The abundance of six types of immune cells, ie, B cells, CD4+ T cells, CD8+ T cells, neutrophils, macrophages, and dendritic cells were determined using TIMER up to May 18, 2020 (https://cistrome.shinyapps.io/timer/). TIMER uses a previously reported statistical method to infer the abundance of tumor-infiltrating immune cells (TIICs) on the basis of gene expression profiles. A correlation between the expression levels of prognostic IRGs and the levels of TIICs were revealed via TIMER.

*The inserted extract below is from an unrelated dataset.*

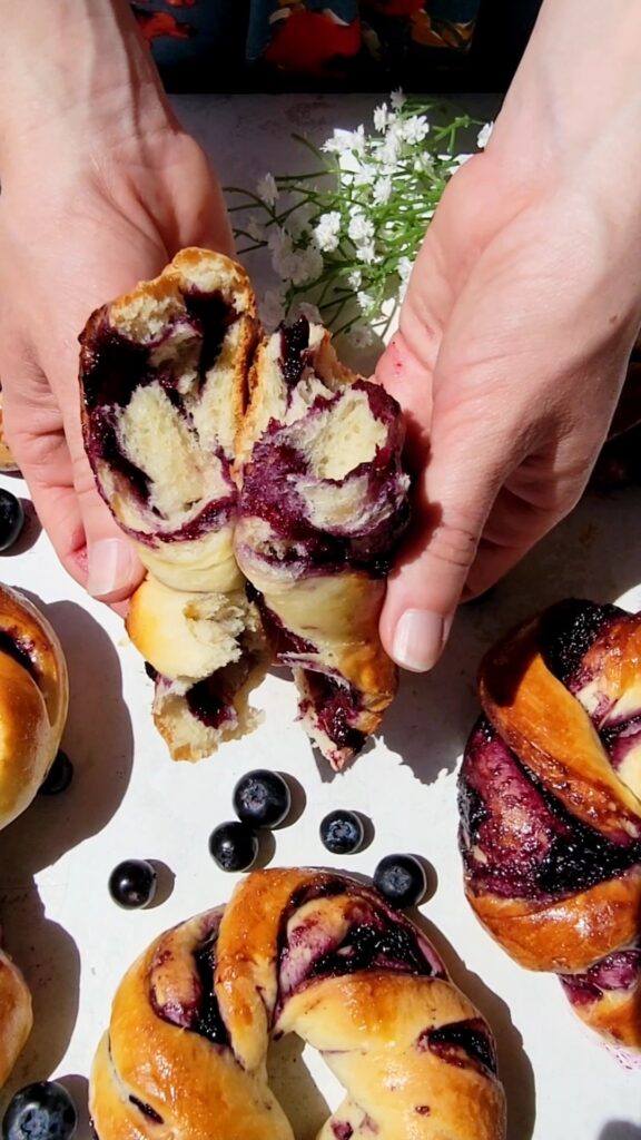 I have made this recipe a few times now. The first time I followed the directions precisely, since then I’ve adjusted it slightly where needed for my preference when I’m not making the berry rolls. It’s so light and fluffy and I love that it doesn’t take hours to rise. We now use the bread part of the recipe for all kinds of things at home. The jam came out lovely and spread on the dough smoothly, making the twists was quite messy, but that was part of the fun!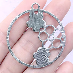 Hydrangea Bouquet Open Bezel Charm | Flower Deco Fra...

Gene set enrichment analysis (GSEA)

GSEA was performed using GSEA 3.0 (http://www.broadinstitute.org/gsea/). A total of 374 gastric samples inthe TCGA cohort were divided into two groups accordingto the expression of prognostic IRGs (divided by median value). For each analysis, gene set permutations were performed 1000 times to obtain a normalized enrichment score (NES) and a enrichment score (ES). A normalized P (NP) < 0.01 and a false discovery rate (FDR) < 0.25 were set as the cutoff.

Statistical analysis

All analyses were conducted using R software version 3.5.2. For all statistical tests, P values < 0.05 were considered to be statistically significant. The differentially expressed genes were confirmed by Wilcox test using R software. Associations between IRGs and OS were evaluated by Kaplan-Meier curves and univariate Cox Survival. Univariate and multivariate analyses were performed using Cox regression. AUC of the survival ROC curve was calculated by the survival ROC R software package. Wilcox test was performed to analyze correlations between prognostic IRGs and clinical features.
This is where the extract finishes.